If you relate to the above quote, I invite you to a bi-weekly series of “Clean code practices for data scientists.” seminars. As data scientists, there are a lot of design topics we can learn from the software development area. We will cover some of these topics in this seminar.

What is This?

We will cover a very brief introduction to the topic and then we will work on a small project together. In these seminars, we will cover the topics to write better codes.

Target Audience

This seminar is for data scientists who want to improve their coding skills. It is not for beginners. It is for people who already know how to code and want to improve their coding skills. We will not cover the details of the topic. We will just mention the topic and then we will work on a small project together.

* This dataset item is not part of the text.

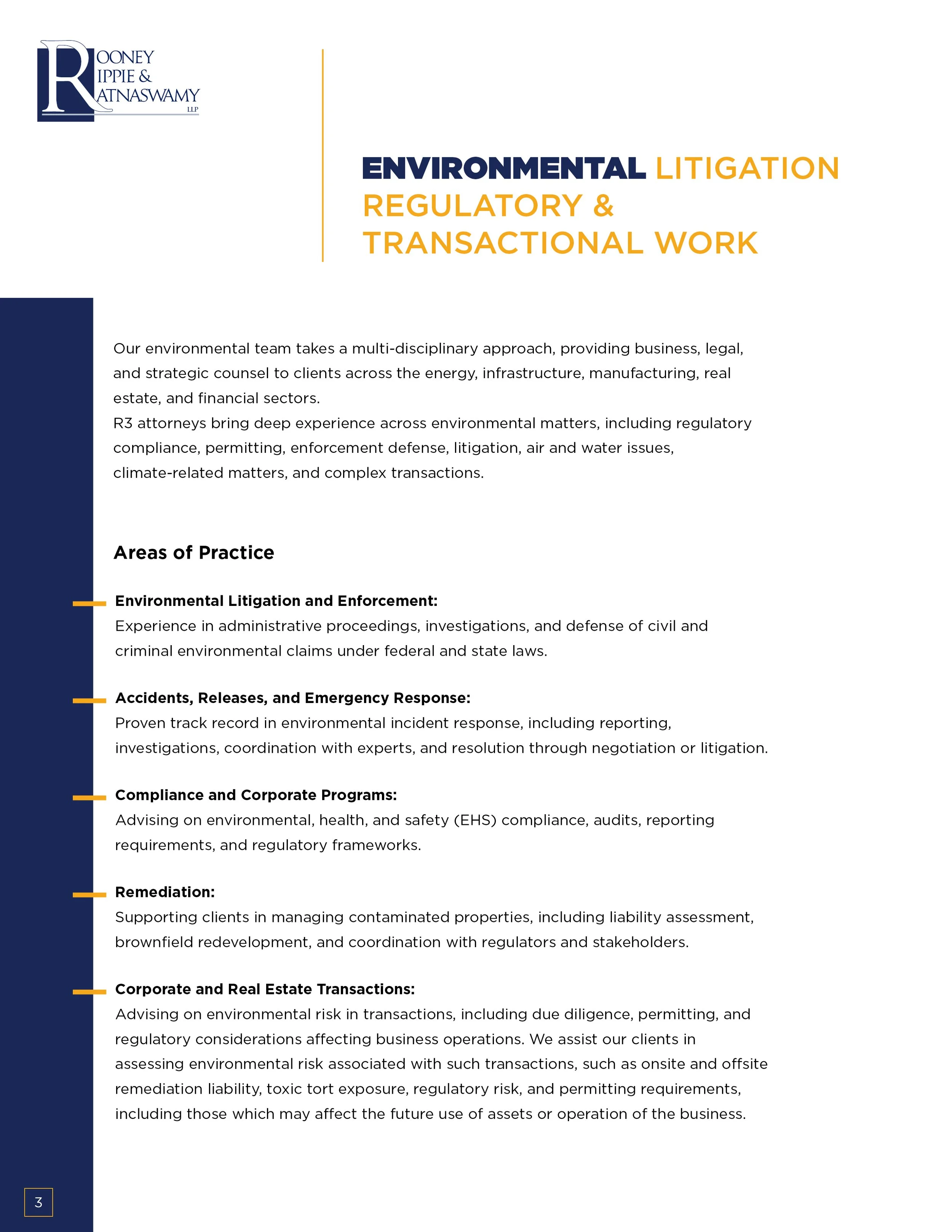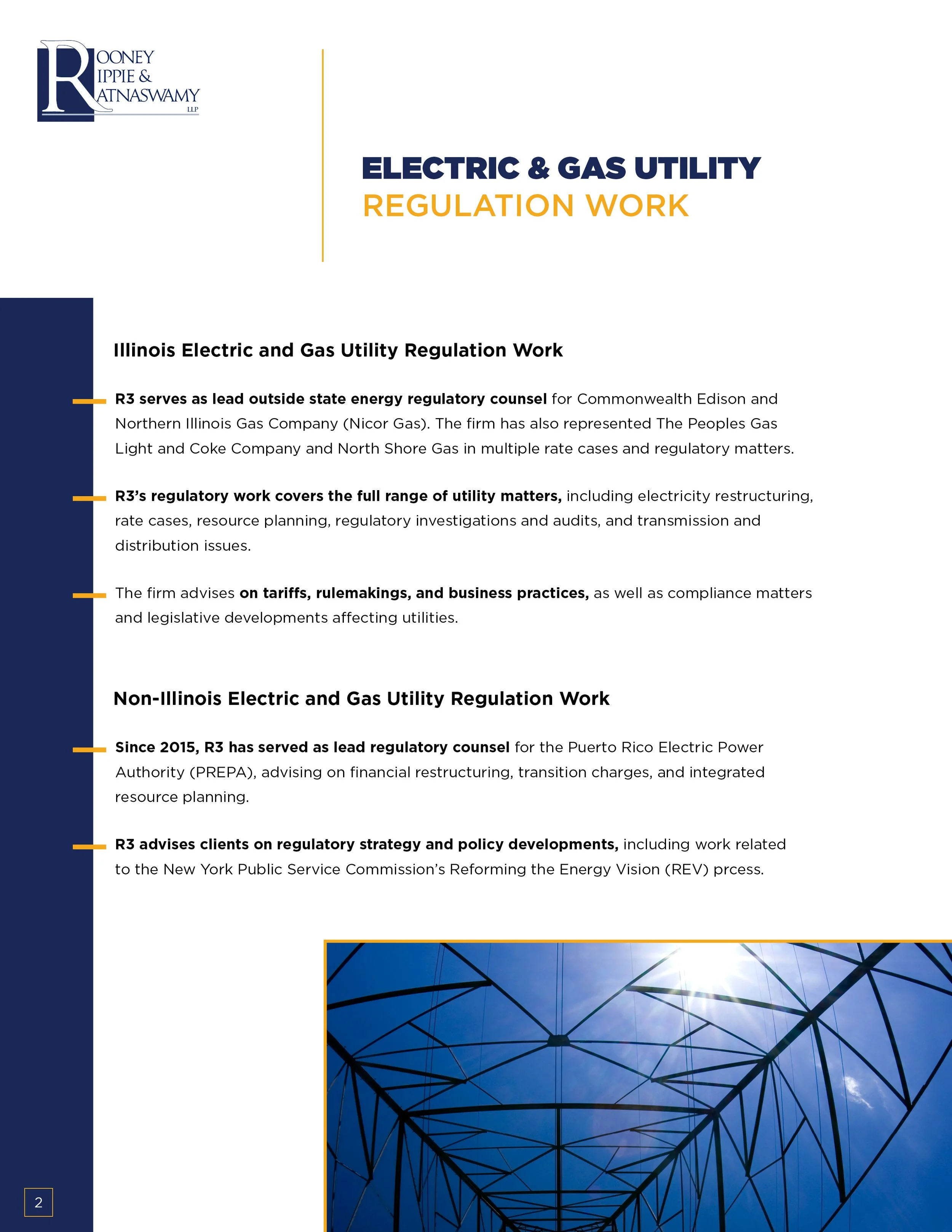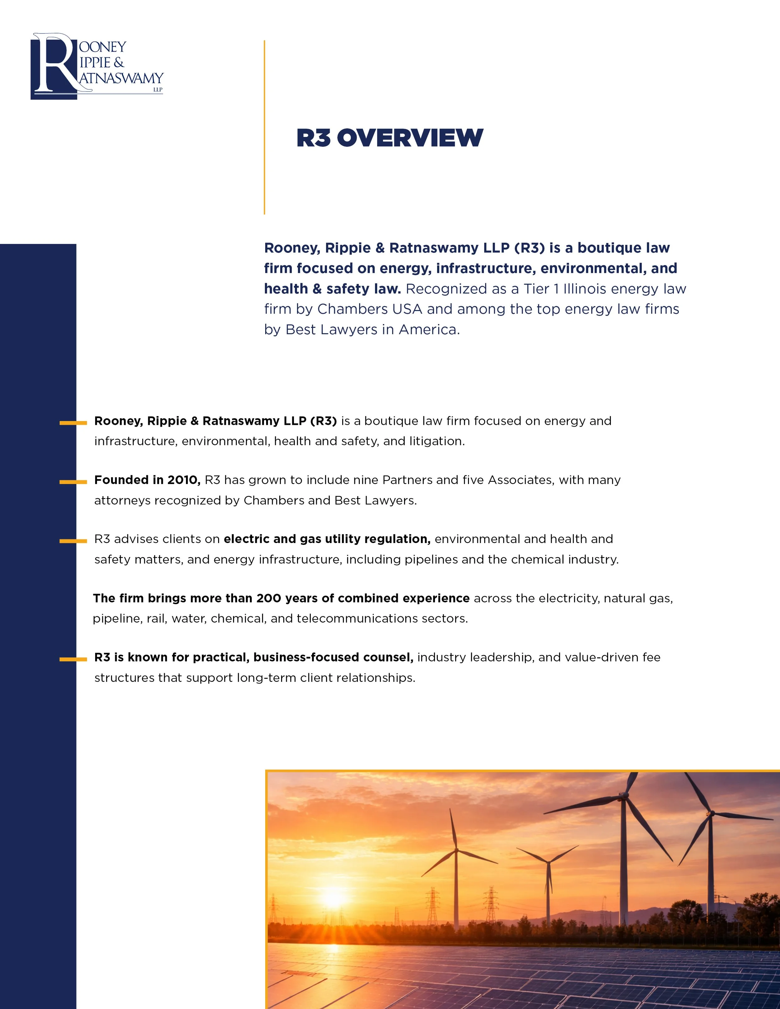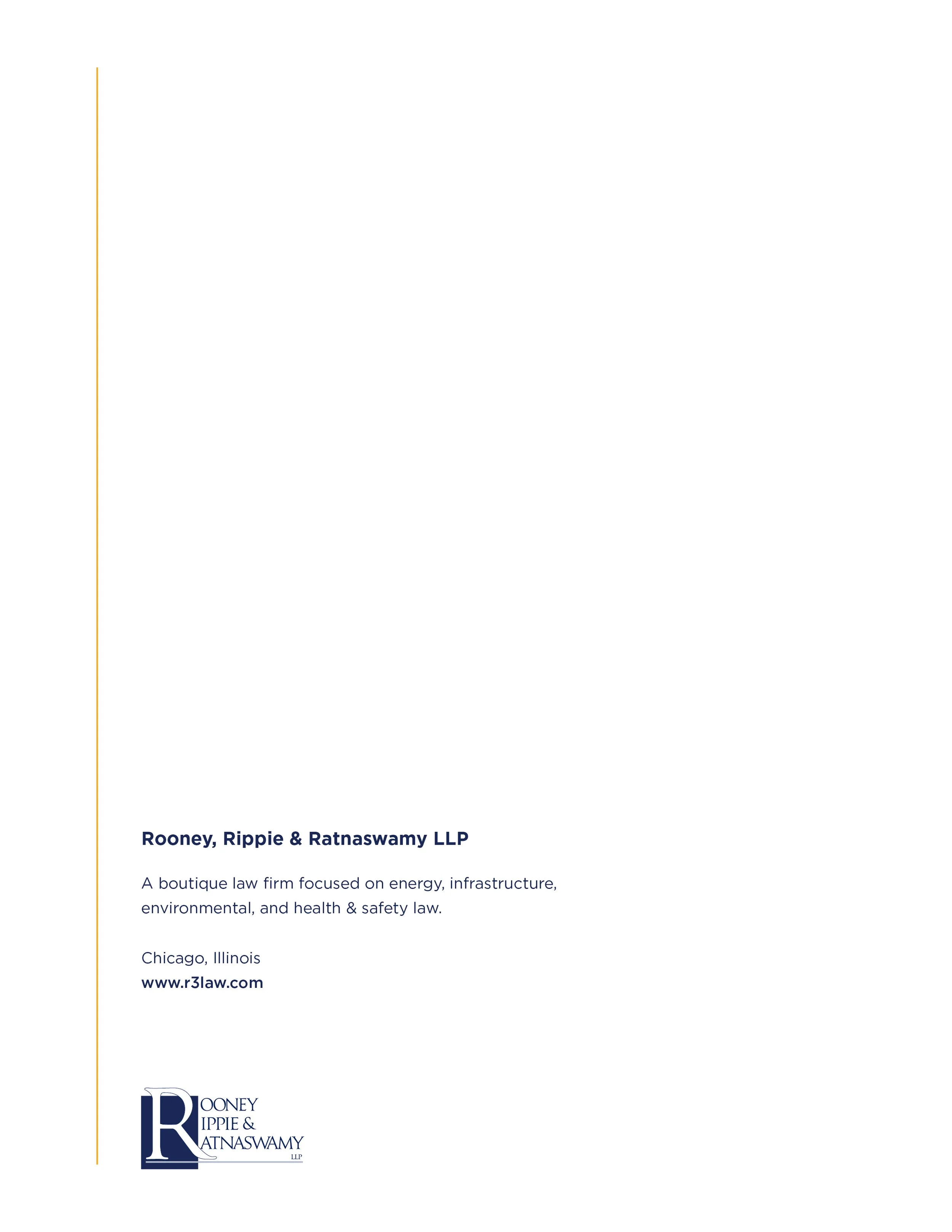 Rooney, Rippie & Ratnaswamy (RRR) is a boutique law firm specializing in energy, infrastructure, environmental, and regulatory law, working with major clients across the utility and energy sectors.

It is up to you to learn the details of the topic. I will provide you with the resources that I used to learn the topic.

Covered Topics

1. Object-oriented Programming:

Open In Colab

Summery:

  1. A class is a user-defined blueprint (Interface is used in more advanced languages)
  2. In Python, classes are advanced dictionary
  3. Each class instance can have attributes attached to it for maintaining its state.
  4. Class instances can also have methods (defined by their class) for modifying their state.
  5. setter and getter methods can be used to act as a proxy for interacting with internal states of class
  6. str, and repr method can be used to prettify a print
  7. Inheritance helps to breakdown your code to hierarchy design
  8. dataclass is an awesome package to define data-oriented classes (vs. behavioral)
  9. you can freeze a class to achieve const behavior
  10. with the help of class, you can use JSON to store states

2. Functional programming and decorators

Open In Colab

Summery:

  1. functional programming paradigm vs. object-oriented
  2. What is a decorator and how to use them
  3. Most useful decorators for DS
  4. Used @singledispatch, @singleton,@lru_cache decorator
  5. introduction to functools package
  6. Learned about closure and how to use them

3. Modules and packages

Open In Colab

Summery:

  1. We created a modules and imported it
  2. Package file structure is reviewd
  3. To define a package, setup.py file is used
  4. We used twine to publish funsql module
  5. We used pip to install funsql module

4. Testing and logging

Open In Colab

Summery:

  1. Design by contract is a programming paradigm that define the interface (inputs and output types) of a component.
  2. Test-driven development is a development process that relies on the test cases, then the code is improved so that the tests pass.
  3. You have to write the test before you write the code. For any new features, you have to write the test first, then write the code to pass the test.
  4. assert is build-in Python statement for writing test units, which is different from raise to handle on the fly errors.
  5. pytest and unittest modules, has more variation for assert.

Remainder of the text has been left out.